*Task prompt:* Restate the lines of the material below word for word, from the first through the one containing "4.把兩片紙盒用膠帶粘起來用作蓋子,縫好的布料翻過來,再把紙盒與布料縫一起", and include nothing else; pictures stay out.

*Provided data:*
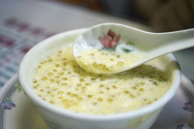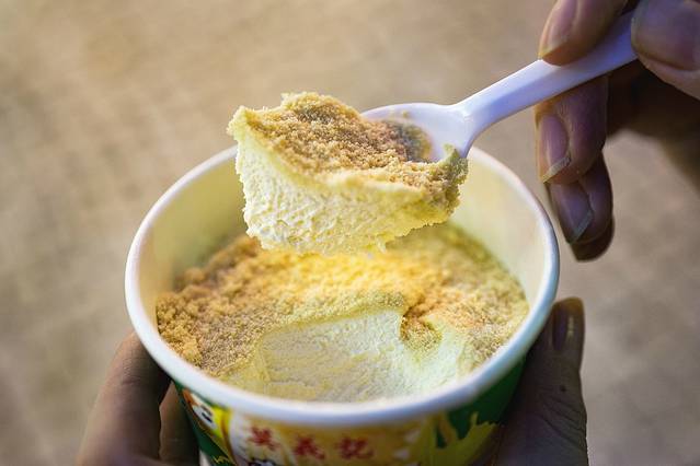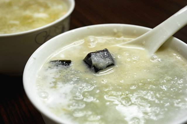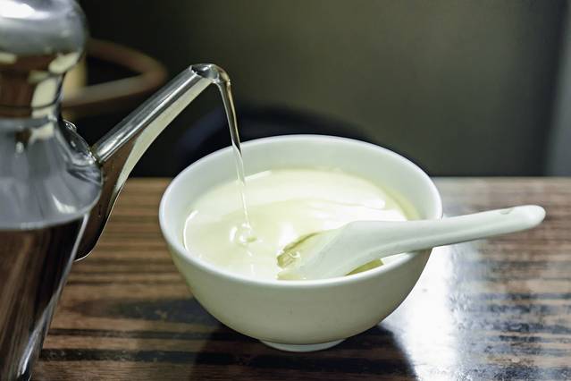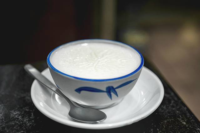 原料纯正、手工研磨、新鲜制作,如此出来的豆腐花未品尝便已知其质量。豆腐花平整顺滑,豆香扑鼻,动手之前,先加入姜糖水,再混入些许淡奶。轻舀一块放入口中,那种滑不溜口的口感实在是无出其右,难怪60年后李康记依然客似云来。
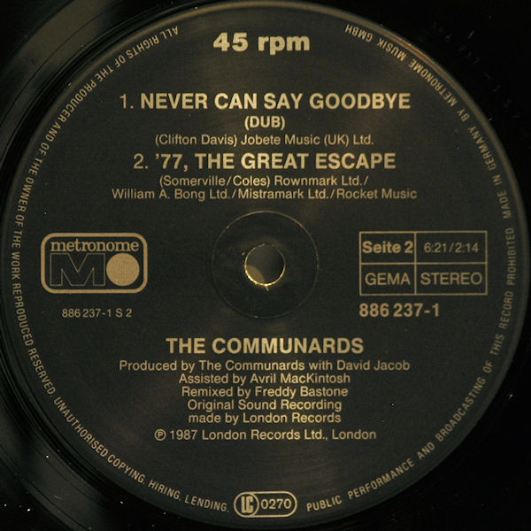 The Communards – Never Can Say Goodbye (Remix) (12″)
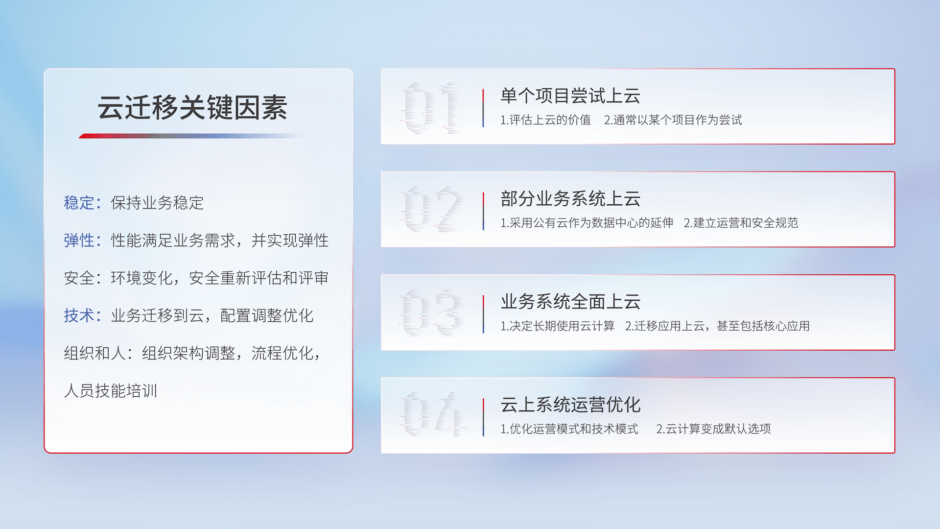 结合实际业务,,,从规划设计、、云平台选型、、、云原生改造、、数据迁移、、集成交付,,迁移全过程为客户识别最佳上云路径,,,,做好风险识别管理,,,设计网络架构、、身份权限、、、安全审计合规、、、、操作审计、、、日志审计、、、监控告警策略、、、、多站点容灾设计等,,,,对云上基础设施进行整体规划,,提升IT治理水平,,,,以满足弹性、、、高可用、、、、高性能的需求。。
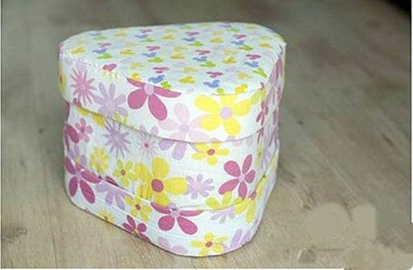 4.把兩片紙盒用膠帶粘起來用作蓋子,縫好的布料翻過來,再把紙盒與布料縫一起
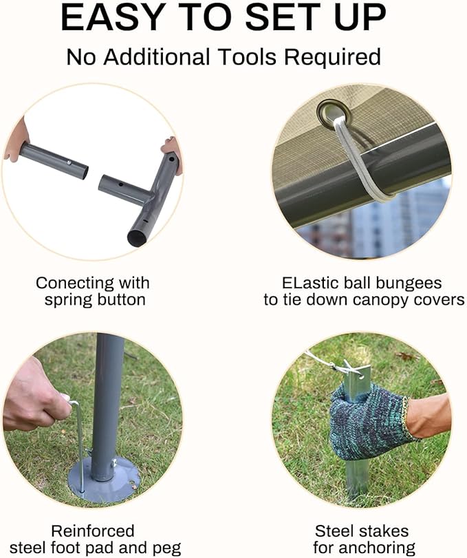 - 【Stability Design】This Carport is Supported by eight heavy-duty galvanized metal poles, The frame connector uses art-welding, elastic ball strap fastens the canopy to the frame, Come with ground stakes and guy ropes for extra support. keep your belongings safe and secure
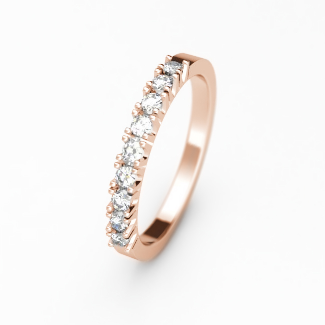 Punakultainen Ikuisuus-rivisormus säteilee rauhallista lämpöä ja hienovaraista loistoa. Timantit istuvat tiheästi ja kimmeltävät kevyesti, kuin hiljainen rytmi, joka kulkee sormuksen pintaa pitkin. Punakullan ruusuinen sävy syventää säihkeen tunnelmaa – se on intiimi ja romanttinen.Tämä sormus on sinulle, joka haluat kantaa mukanaan tunnetta, joka ei sammu – vaan elää valona arjen keskellä.
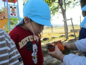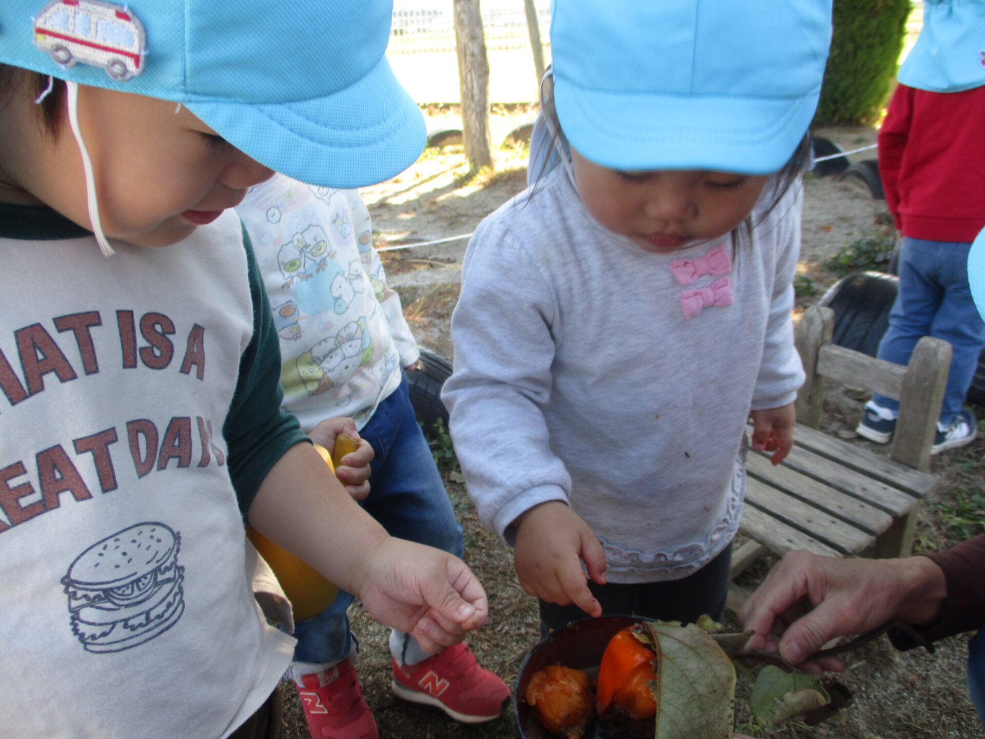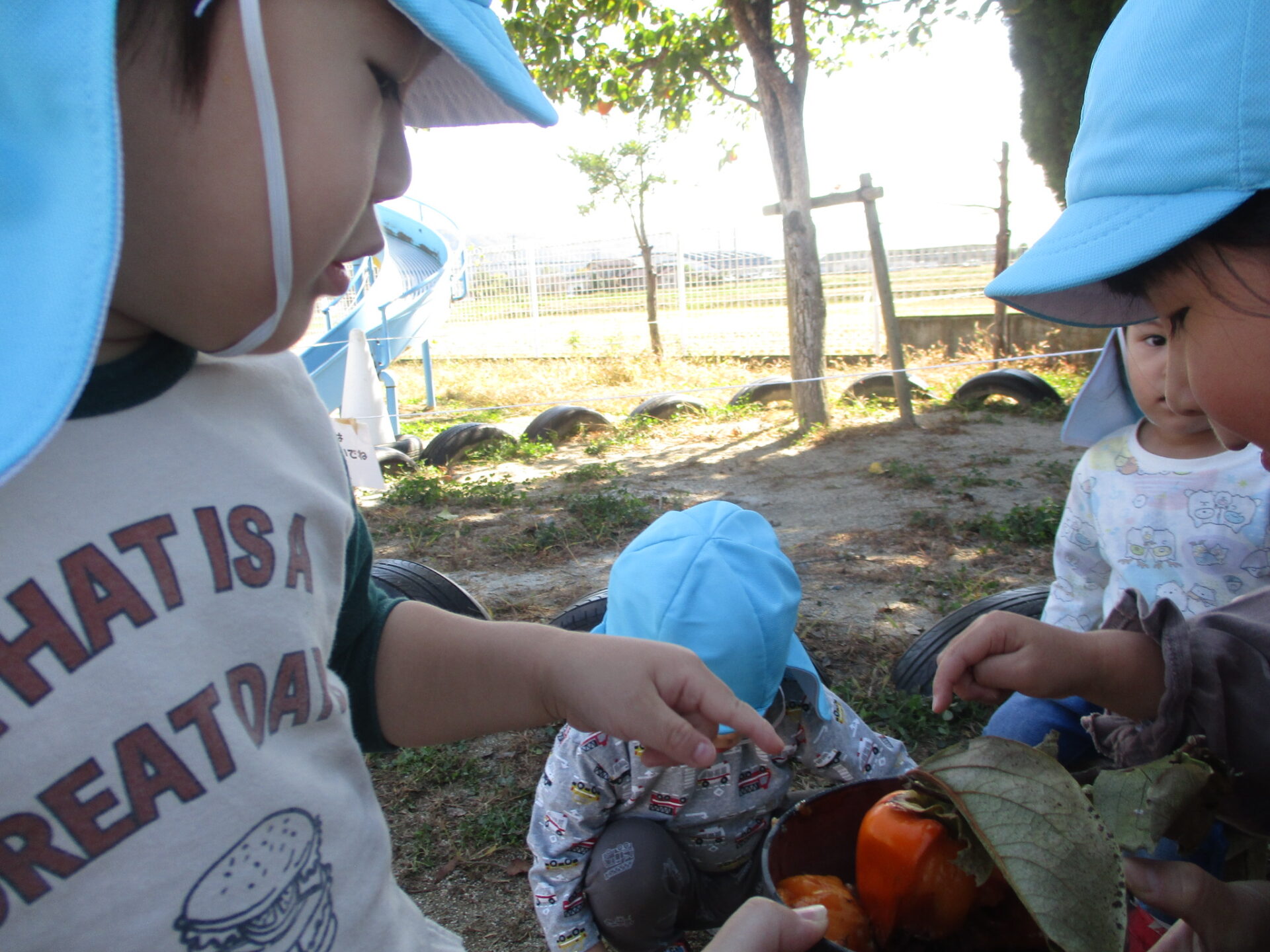 秋の自然に触れる中で、子どもたちはどんぐりや葉っぱ、赤い実や柿などに興味を持ち、見たり触れたりしながら身近な発見を楽しんでいました。

*Answer to the exercise:*
 原料纯正、手工研磨、新鲜制作,如此出来的豆腐花未品尝便已知其质量。豆腐花平整顺滑,豆香扑鼻,动手之前,先加入姜糖水,再混入些许淡奶。轻舀一块放入口中,那种滑不溜口的口感实在是无出其右,难怪60年后李康记依然客似云来。
 The Communards – Never Can Say Goodbye (Remix) (12″)
 结合实际业务,,,从规划设计、、云平台选型、、、云原生改造、、数据迁移、、集成交付,,迁移全过程为客户识别最佳上云路径,,,,做好风险识别管理,,,设计网络架构、、身份权限、、、安全审计合规、、、、操作审计、、、日志审计、、、监控告警策略、、、、多站点容灾设计等,,,,对云上基础设施进行整体规划,,提升IT治理水平,,,,以满足弹性、、、高可用、、、、高性能的需求。。
 4.把兩片紙盒用膠帶粘起來用作蓋子,縫好的布料翻過來,再把紙盒與布料縫一起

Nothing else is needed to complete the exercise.